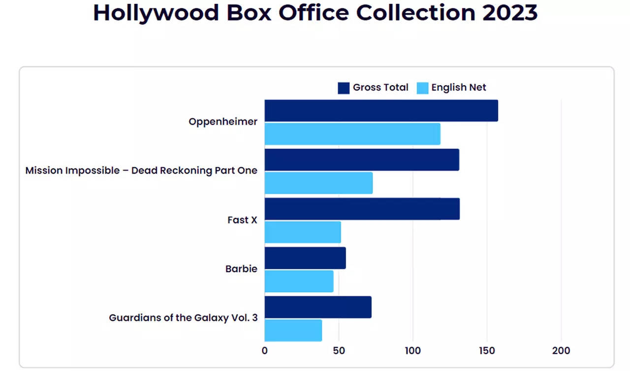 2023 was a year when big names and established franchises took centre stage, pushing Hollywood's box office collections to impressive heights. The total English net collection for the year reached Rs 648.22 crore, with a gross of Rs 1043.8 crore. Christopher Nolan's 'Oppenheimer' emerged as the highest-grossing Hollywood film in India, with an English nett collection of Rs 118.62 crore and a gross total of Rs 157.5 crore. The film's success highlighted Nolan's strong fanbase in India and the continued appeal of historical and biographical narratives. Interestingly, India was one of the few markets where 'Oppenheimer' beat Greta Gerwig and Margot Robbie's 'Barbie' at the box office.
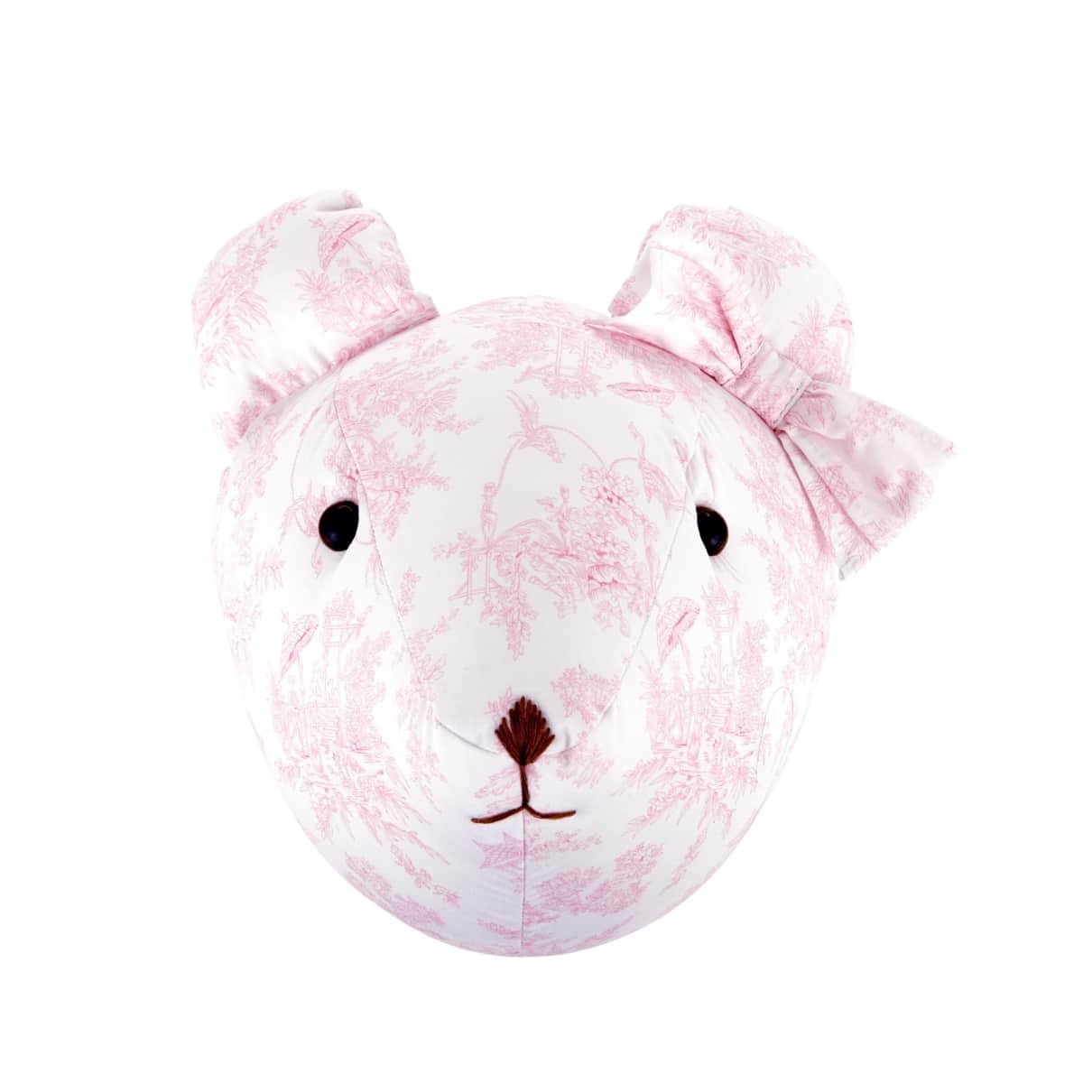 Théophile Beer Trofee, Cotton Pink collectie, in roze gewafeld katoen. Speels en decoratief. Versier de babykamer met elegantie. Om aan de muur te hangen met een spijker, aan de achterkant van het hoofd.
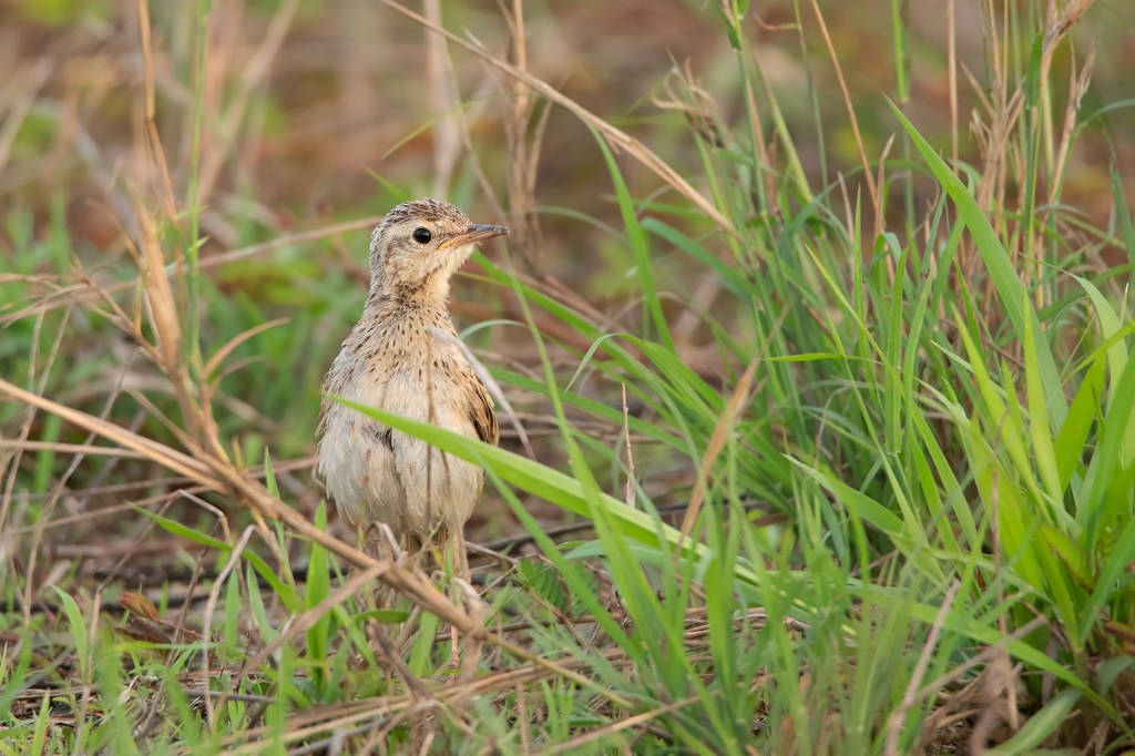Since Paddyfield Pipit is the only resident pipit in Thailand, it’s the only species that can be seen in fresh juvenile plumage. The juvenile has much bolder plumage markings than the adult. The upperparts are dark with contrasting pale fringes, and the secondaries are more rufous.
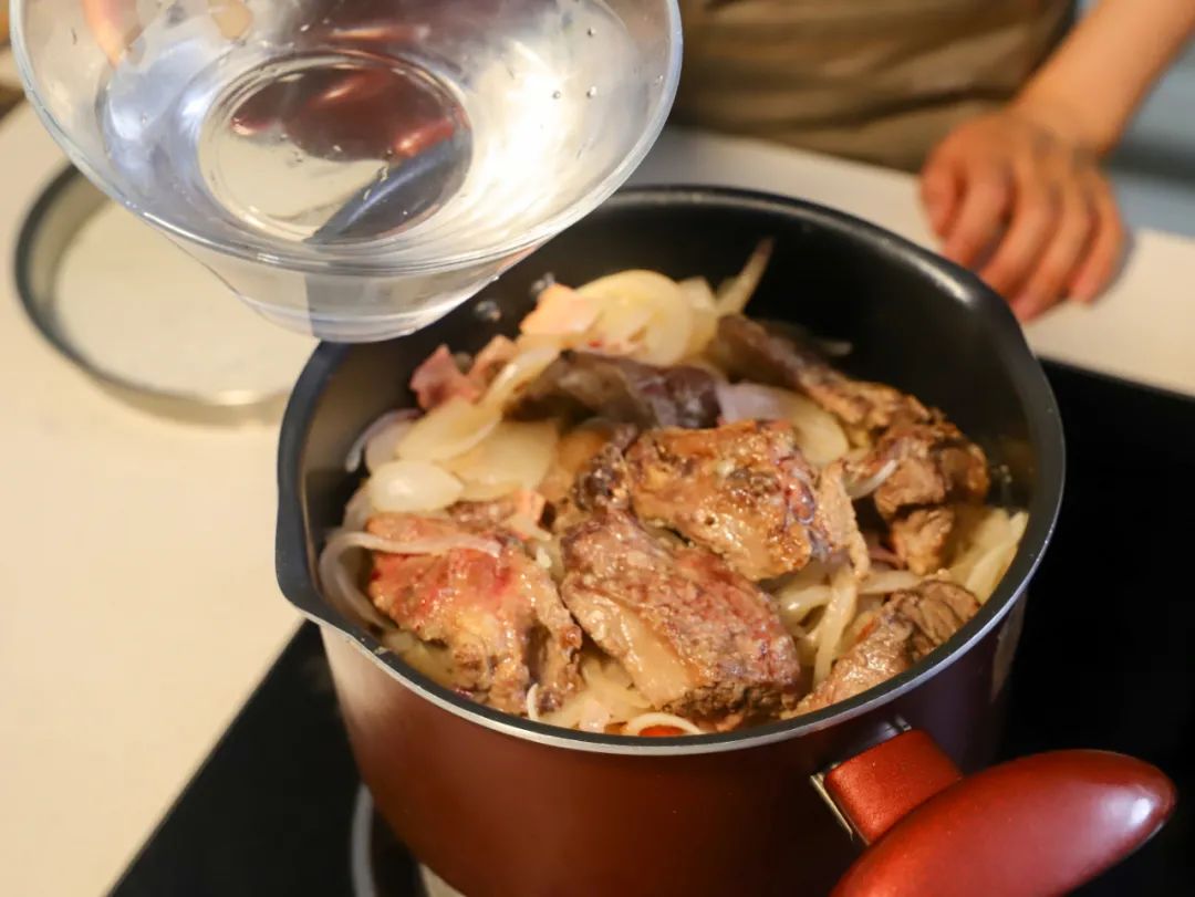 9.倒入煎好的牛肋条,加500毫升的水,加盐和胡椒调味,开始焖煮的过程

==

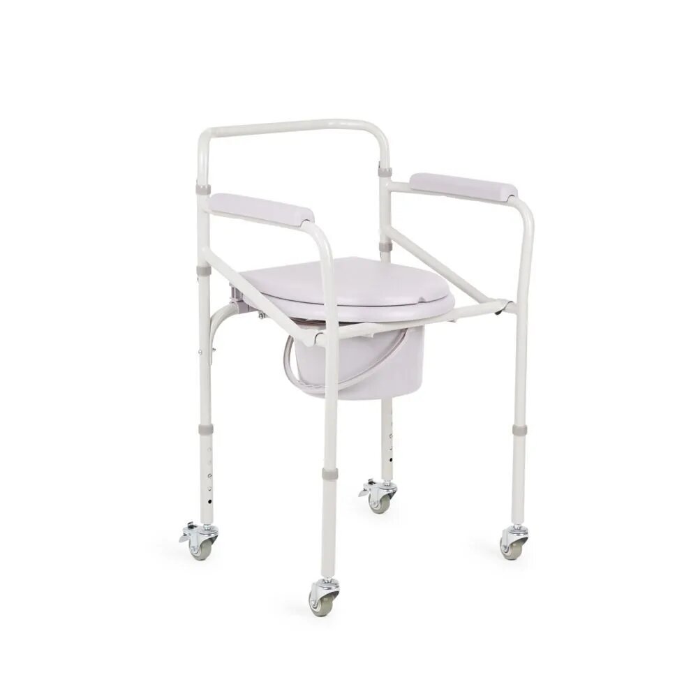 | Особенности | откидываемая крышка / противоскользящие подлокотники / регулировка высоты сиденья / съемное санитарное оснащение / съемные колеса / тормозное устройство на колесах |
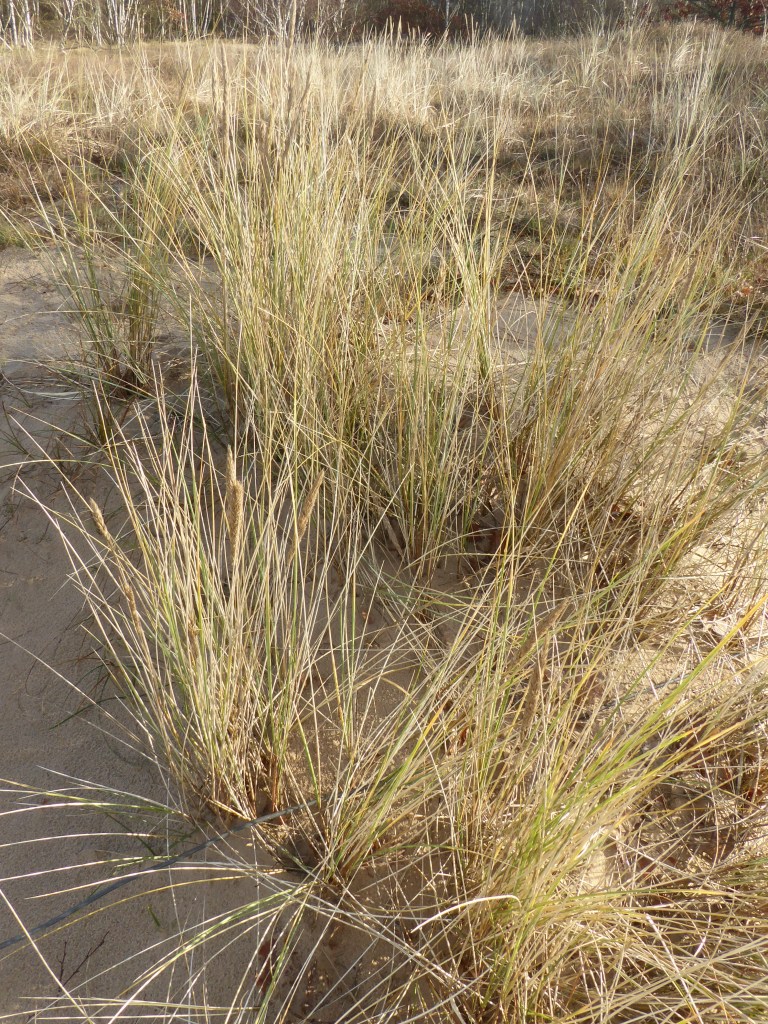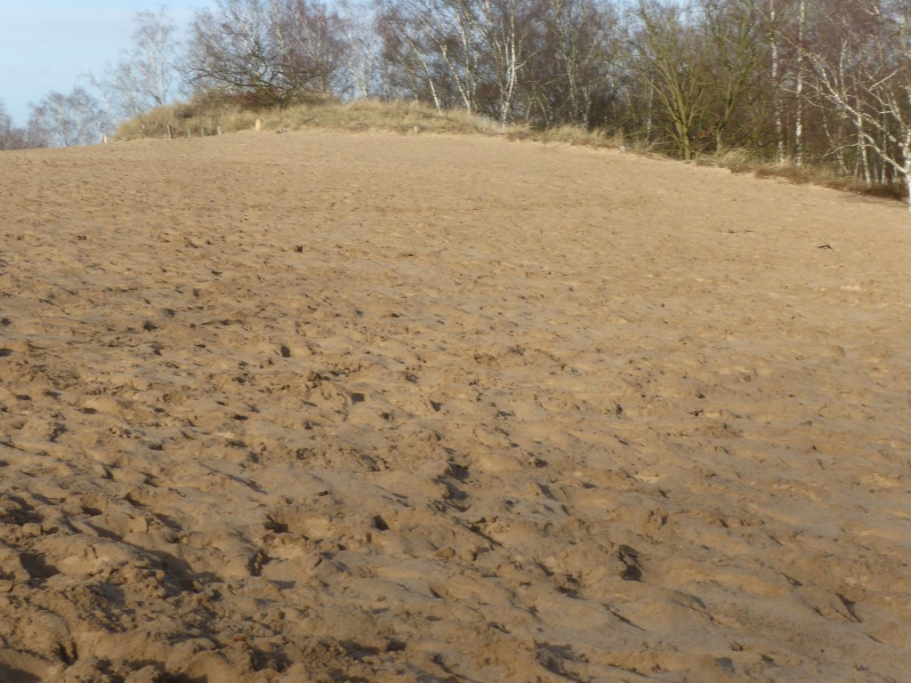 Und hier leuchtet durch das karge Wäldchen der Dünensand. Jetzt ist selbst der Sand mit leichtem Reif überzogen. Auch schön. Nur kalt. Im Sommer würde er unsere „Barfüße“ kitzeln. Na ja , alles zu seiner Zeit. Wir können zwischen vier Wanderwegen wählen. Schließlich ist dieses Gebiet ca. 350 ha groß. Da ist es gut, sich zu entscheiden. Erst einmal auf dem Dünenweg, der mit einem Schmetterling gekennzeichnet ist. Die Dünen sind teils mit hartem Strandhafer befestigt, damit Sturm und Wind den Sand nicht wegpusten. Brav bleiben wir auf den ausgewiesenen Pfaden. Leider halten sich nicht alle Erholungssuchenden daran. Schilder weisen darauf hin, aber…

> DIRECTIONS FOR THIS TASK: Your copy should hold the lines from the one with "Since Paddyfield Pipit" up to and including the one with "9.倒入煎好的牛肋条,加500毫升的水,加盐和胡椒调味,开始焖煮的过程", exactly as in the data above, and no pictures.

> YOUR SOLUTION:
Since Paddyfield Pipit is the only resident pipit in Thailand, it’s the only species that can be seen in fresh juvenile plumage. The juvenile has much bolder plumage markings than the adult. The upperparts are dark with contrasting pale fringes, and the secondaries are more rufous.
 9.倒入煎好的牛肋条,加500毫升的水,加盐和胡椒调味,开始焖煮的过程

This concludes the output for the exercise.